■ WHAT IS BEING ASKED: Leave out the pictures and set down the rest of the listing below word for word.

■ DATASET CONTENT:
====

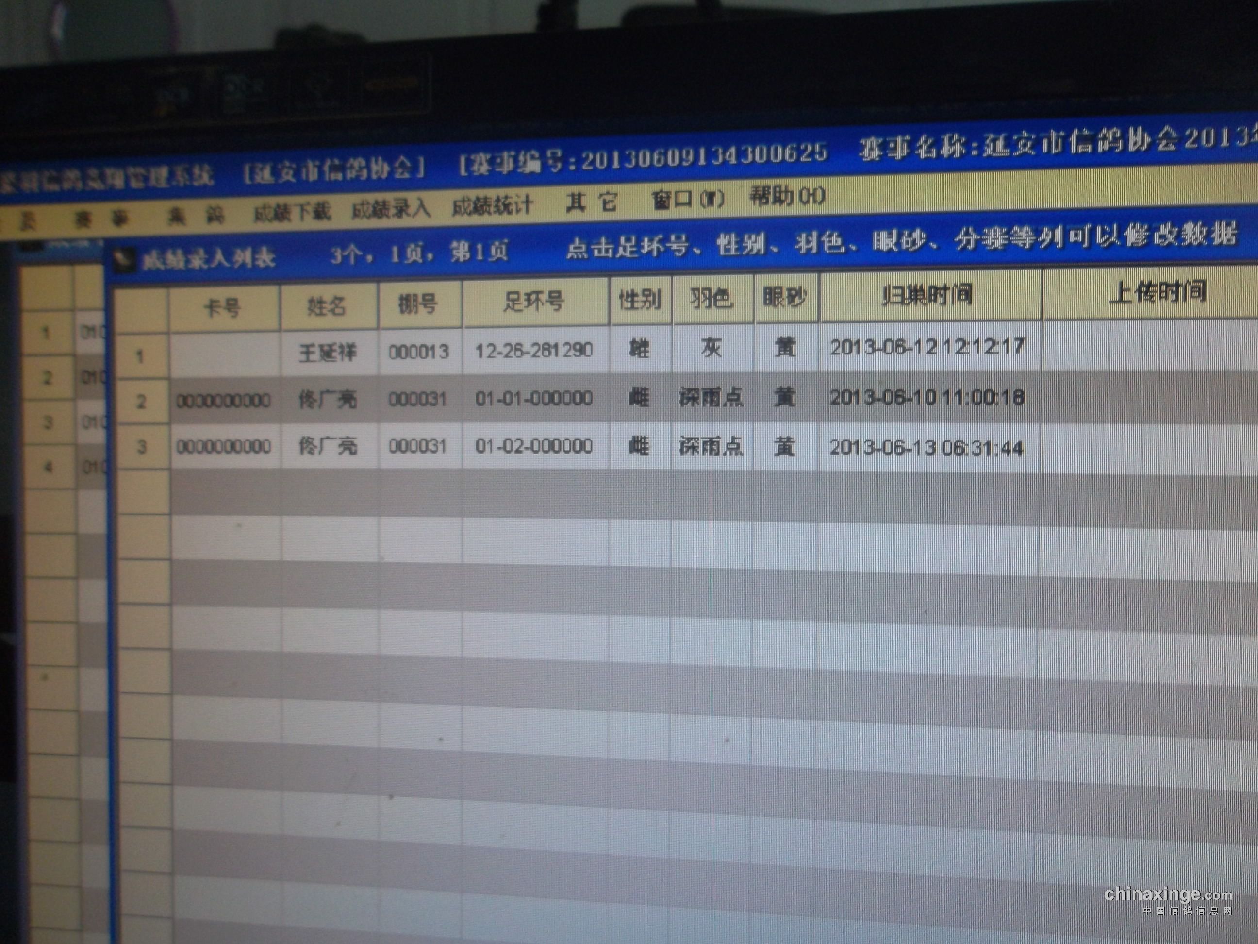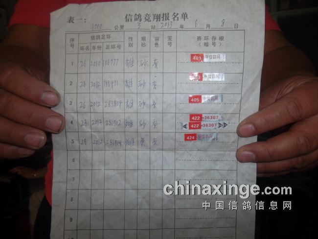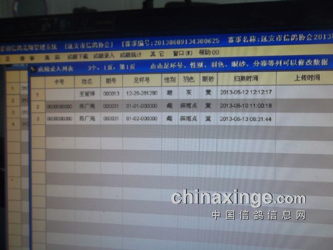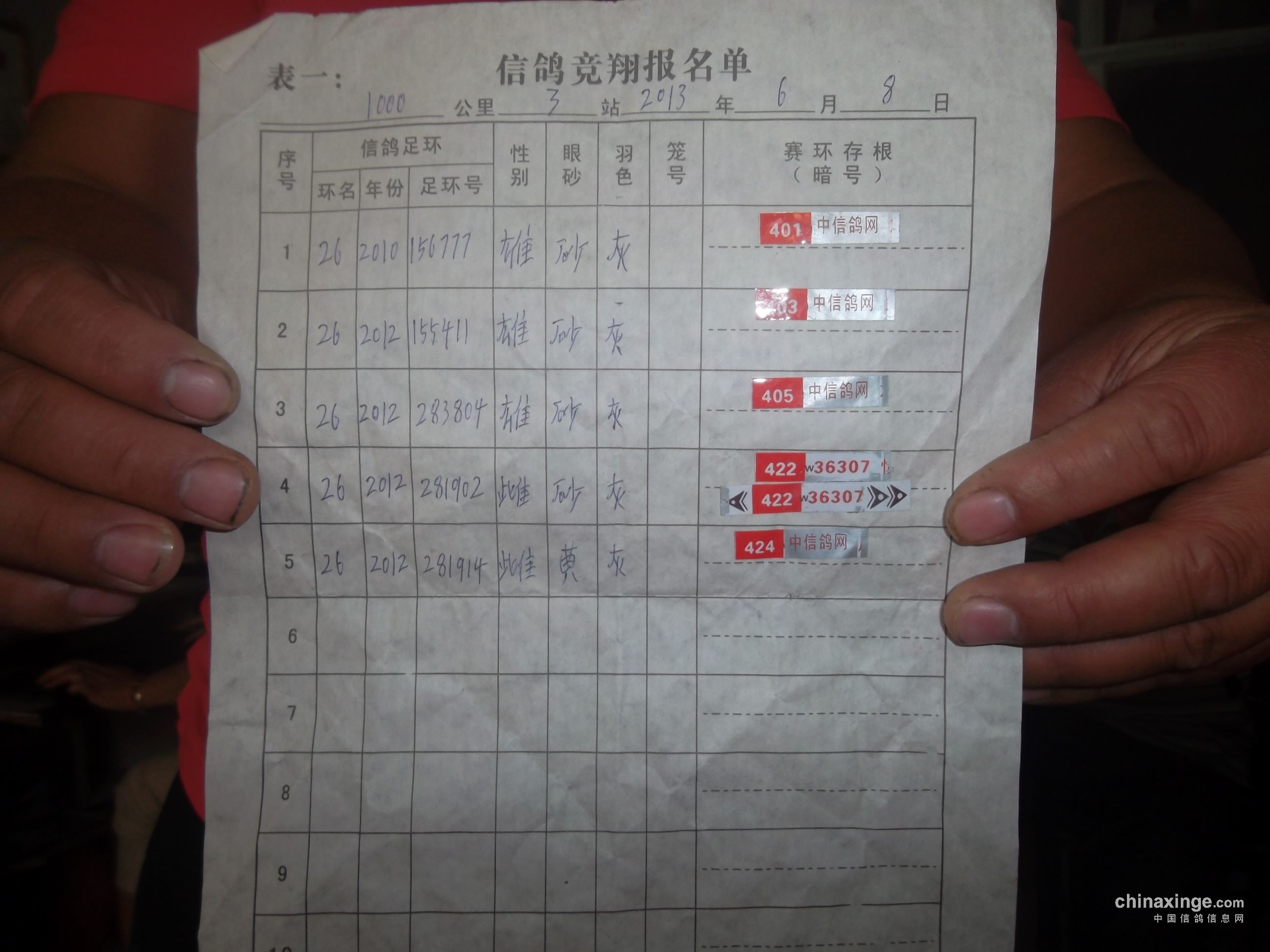 2013年延安市信鸽协会春季第三关甘肃嘉峪关站比赛第六名验鸽报道图片
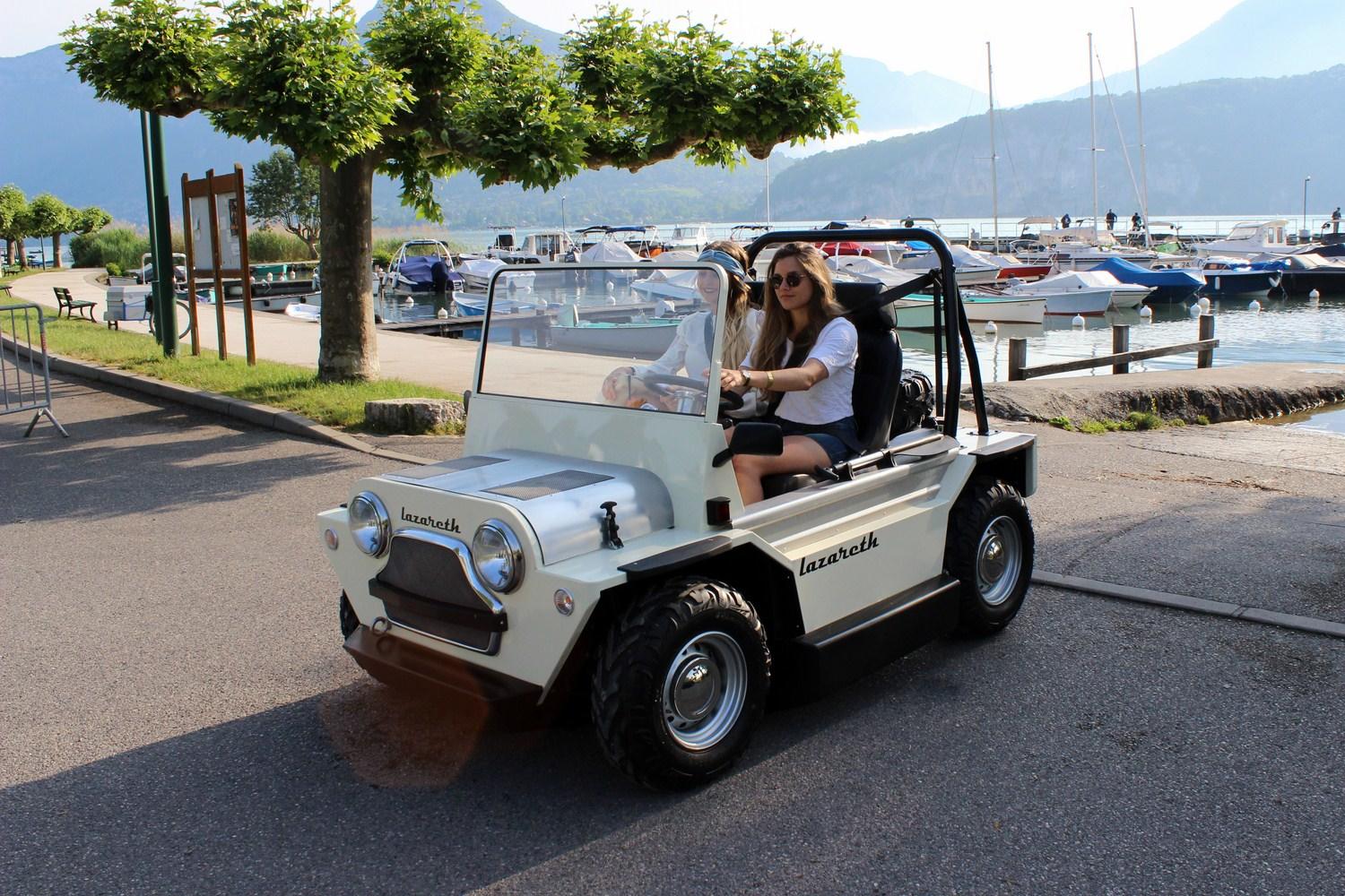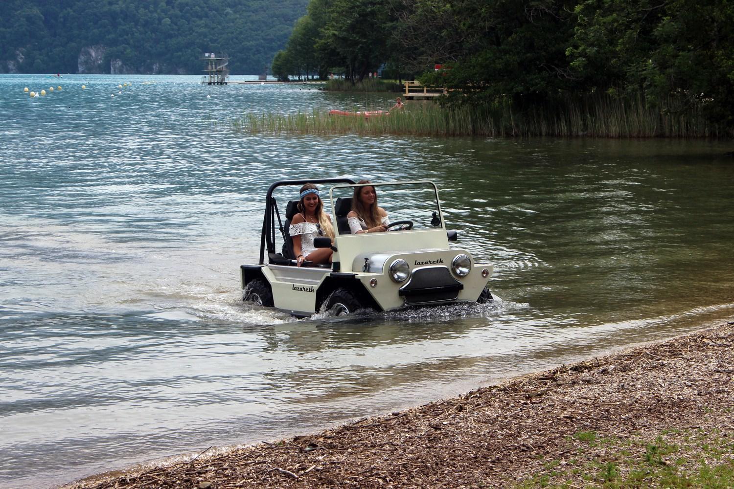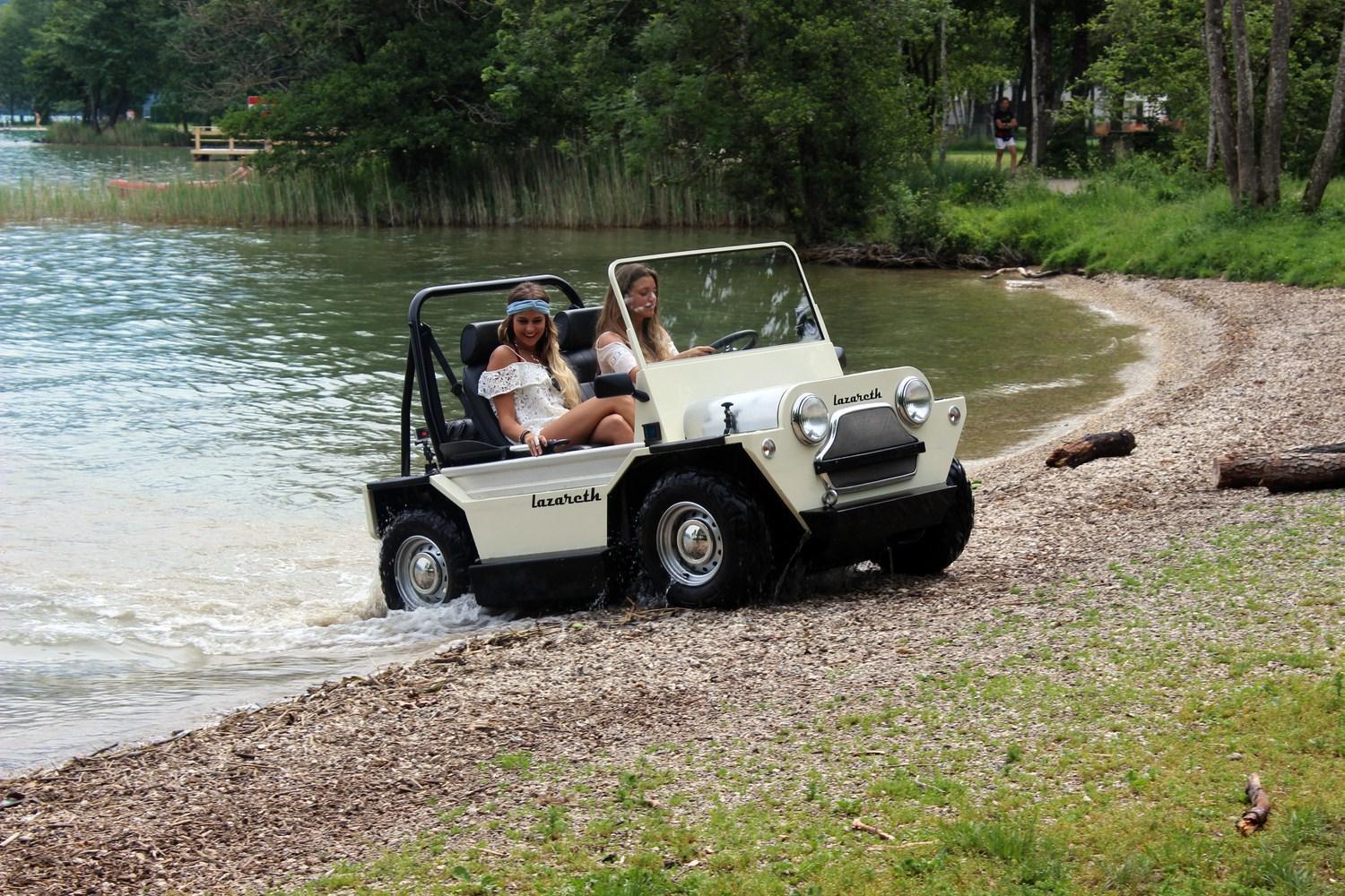 Em França, a Lazareth achou que essa era uma falha que devia ser corrigida. Com um chassis mais pequeno e carroçaria em alumínio, o Mini Moke anfíbio tem apenas 2,30 metros de comprimento e espaço para apenas duas pessoas, enquanto o motor de 400 cm3 tem apenas 19 cv, mas está ligado às quatro rodas. Em estrada, atinge 90 km/h e só necessita de carta de quadriciclos.
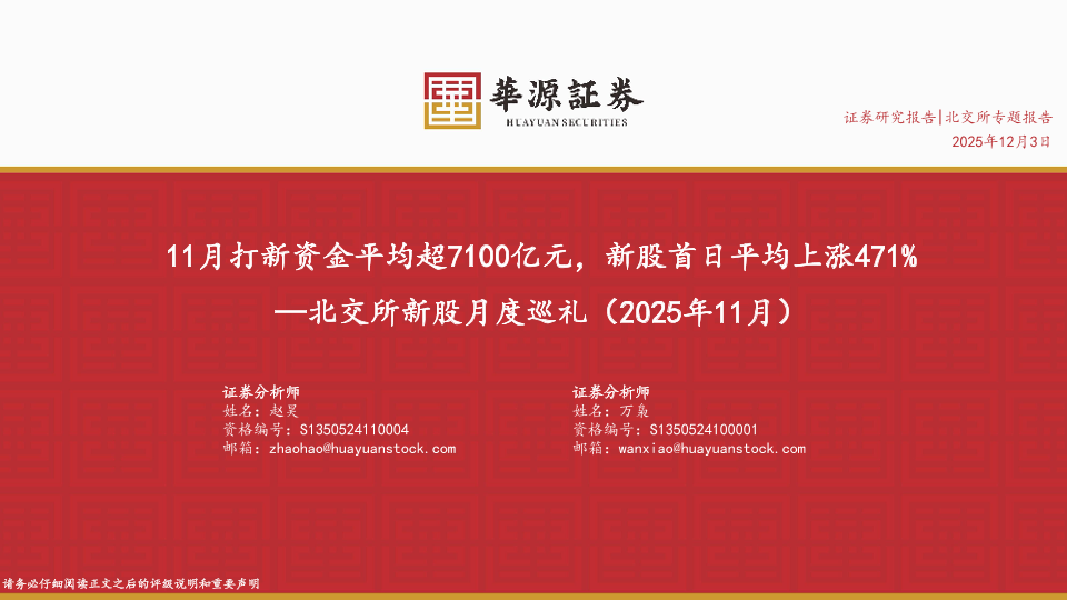 【华源证券】【202511】11月打新资金平均超7100亿元,新股首日平均上涨471%—北交所新股月度巡礼(2025年11月)-27页

====

■ ANSWER SECTION:
 2013年延安市信鸽协会春季第三关甘肃嘉峪关站比赛第六名验鸽报道图片
 Em França, a Lazareth achou que essa era uma falha que devia ser corrigida. Com um chassis mais pequeno e carroçaria em alumínio, o Mini Moke anfíbio tem apenas 2,30 metros de comprimento e espaço para apenas duas pessoas, enquanto o motor de 400 cm3 tem apenas 19 cv, mas está ligado às quatro rodas. Em estrada, atinge 90 km/h e só necessita de carta de quadriciclos.
 【华源证券】【202511】11月打新资金平均超7100亿元,新股首日平均上涨471%—北交所新股月度巡礼(2025年11月)-27页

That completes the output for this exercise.